Tags
1830, Barbados, book review, Britain, emotional impact of slavery, Esi Edugyan, good versus evil, historical fiction, individuality, literary fiction, nineteenth century, racism, science, slavery, sugar plantation, superb characterization
Review: Washington Black, by Esi Edugyan
Random House/Vintage, 2019. 384 pp. $17
There may be more brutal, unfeeling masters than Erasmus Wilde, owner of Faith sugar plantation in Barbados in 1830, but it’s hard to imagine. For instance, when a slave commits suicide, an overseer decapitates his corpse. Why? The slaves believe that once they die, they’ll be reunited with their people in Africa. So Wilde tells them that headless corpses wander for eternity; beware, there’s no escape. If you kill yourself, you’re a thief, stealing his property.
Such crushing logic, which warps every conceivable interaction, cows nearly all the slaves into hopeless submission; most do all they can to remain inconspicuous. Consequently, when Wilde’s brother Christopher comes to stay, eleven-year-old George Washington Black (known as Wash) is terrified to discover that he’s been chosen the newcomer’s manservant.
To his amazement, however, Christopher — who insists on being called Titch — is cut from a very different cloth, as Wash quickly learns whenever he must go to the big house and wait table. Titch has no interest in slavery, except to abolish it; and Faith’s chief attractions for him are the flora and fauna and a steep hill from which he hopes to launch a balloon for exploration.
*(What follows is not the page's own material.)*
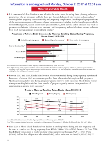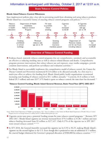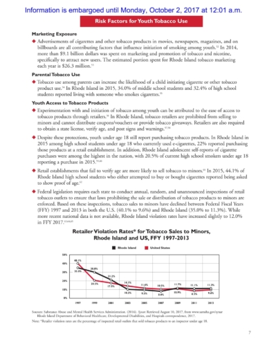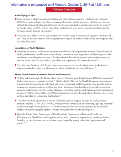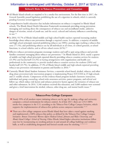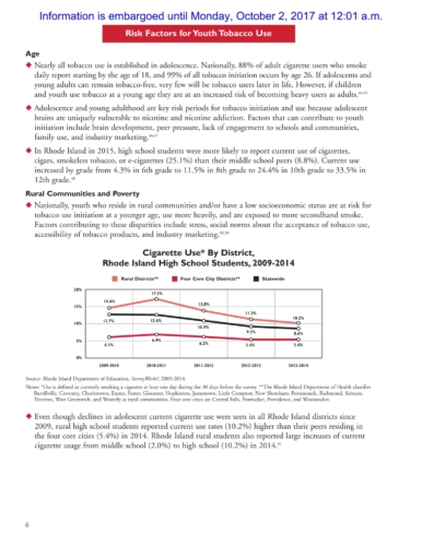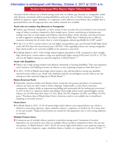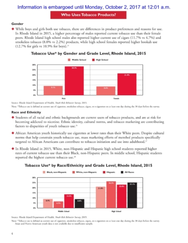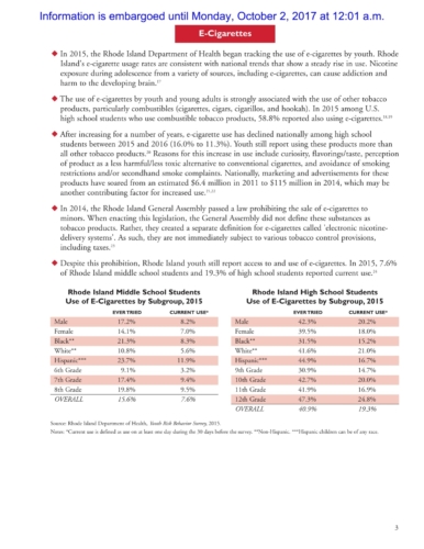 The report also shows that in 2015 Rhode Island had the lowest self-reported rate of current cigarette use for both middle (0.9%) and high school (4.8%) students among ranked students in the U.S.

Bridgetown, Barbados, in 1848, fourteen years after Britain outlawed slavery throughout the empire (from Robert H. Schombergk, The History of Barbados; courtesy British Library via Wikimedia Commons)
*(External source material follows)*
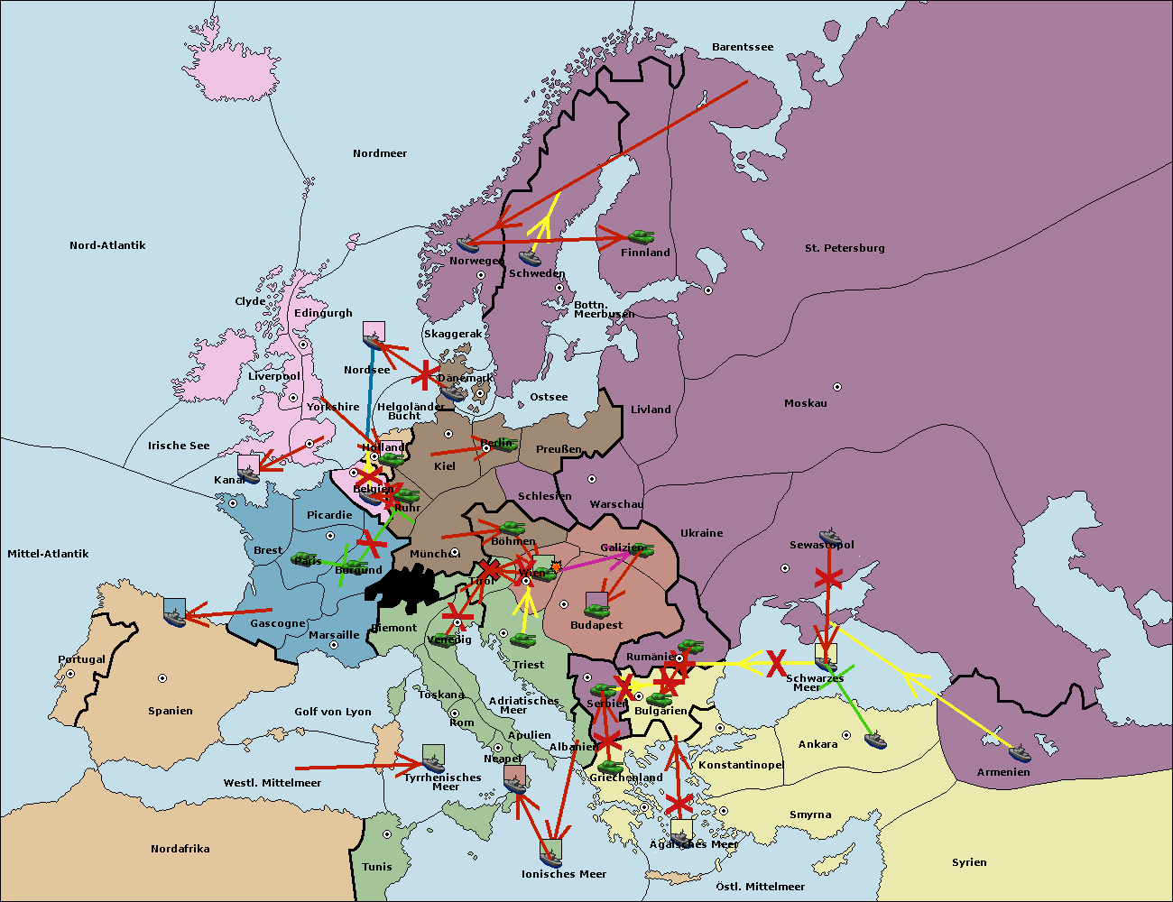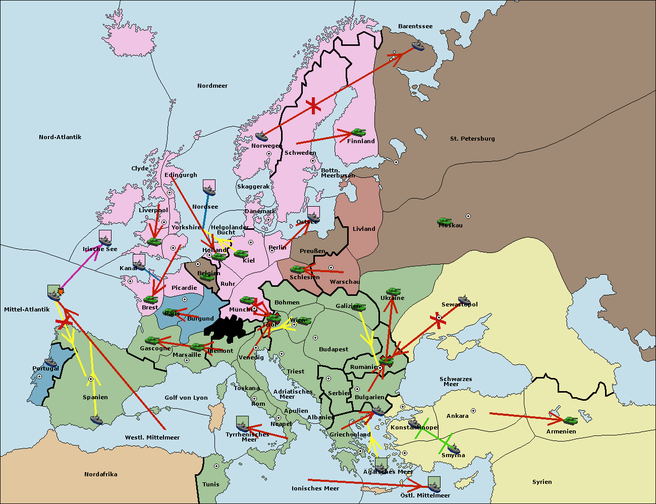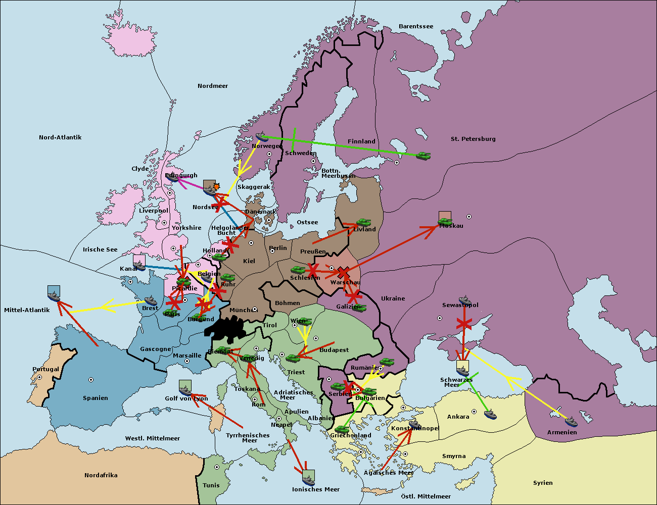 • Die Flotte in St. Petersburg (Nordküste) move nach Norwegen.

But a suspicious death forces the two to flee — and from that moment, Wash begins to imagine the life he could never have dreamed of. Whether he gets it or not, and how he reinvents himself in the process, makes as compelling a novel as you will find. Washington Black will captivate you and make you think.
Edugyan examines, from the inside, what it means to be a slave, to have no will of your own save what little is granted, and which may be taken away at any time. That sounds obvious, but I assure you, in its moment-to-moment portrayal here, that simply stated condition has deep, insidious effects that wrap around the characters like the roots of an evil, destructive plant.
Titch may dislike slavery, yet Wash wonders what, exactly, he means to his new boss. Is Wash a real person or merely the perfect size and shape ballast for the balloon? Is his a young mind Titch respects, or does the scientist teach him what he needs to become a better assistant? As with all the characters, and I do mean all, the author depicts this pair in their fullness, so that you know their internal struggles. Even Erasmus Wilde, a truly despicable man, has his angles and quirks; no cardboard villain, he. In that way, he receives his due, even as the perpetrator of great evil.
To write a good novel about a victim is harder than it looks. (Writing any good novel is harder than it looks, but that’s another story.) Self-pity would undermine the narrative and warp the reader’s connection to Wash, while earnestness, the flip side of that coin, would demean this tale. Not here. Wash hates his enemies with a razor fierceness, no righteousness, bravado, or breast-beating allowed, just earned hostility. Whatever self-pity creeps in momentarily overtakes him in a different context — love, which is only natural and quite real. Everyone in love acts entitled once in a while, at least.
Also important, Wash never stops striving and loving, no matter what blows he takes. Suffering by itself holds only a tenuous connection for readers; but caring for someone else despite suffering always wins. If Wash becomes remarkably adept at certain pursuits, perhaps stretching credulity, his path remains difficult, often perilous, his adventures allowing for (if not demanding) a character somewhat larger than life.
Throughout, he’s a spectacular observer, the prose being another pleasure of the book, as with his first look at Bridge Town, the capital of Barbados:
Swells of dust boiled up off the roads. Horses trotted past, heads low in the heat, flies swarming. We clattered past a sailor on a street corner blowing through some bizarre knot of pipes, while beside him a second danced along to his own fiddle, his fingers flying like shadows over the strings. We stopped in the sudden traffic; through the carriage oozed the stink of overripe fruit carted in from the port, and of immense slabs of tuna starting to turn in the heat. At a passing market stall I glimpsed their fishy eyes, fissured with blood as they gawked on beds of cool leaves.
Sometimes, in the early going when Wash is still a young boy, the voice slips — the narrative makes observations seemingly too knowledgeable for a lad, even one looking back from later years. But that’s a minor blemish on a superb novel, and I highly recommend Washington Black.
Disclaimer: I bought my reading copy of this book from bookshop.org, an online retailer that shares its receipts with independent bookstores.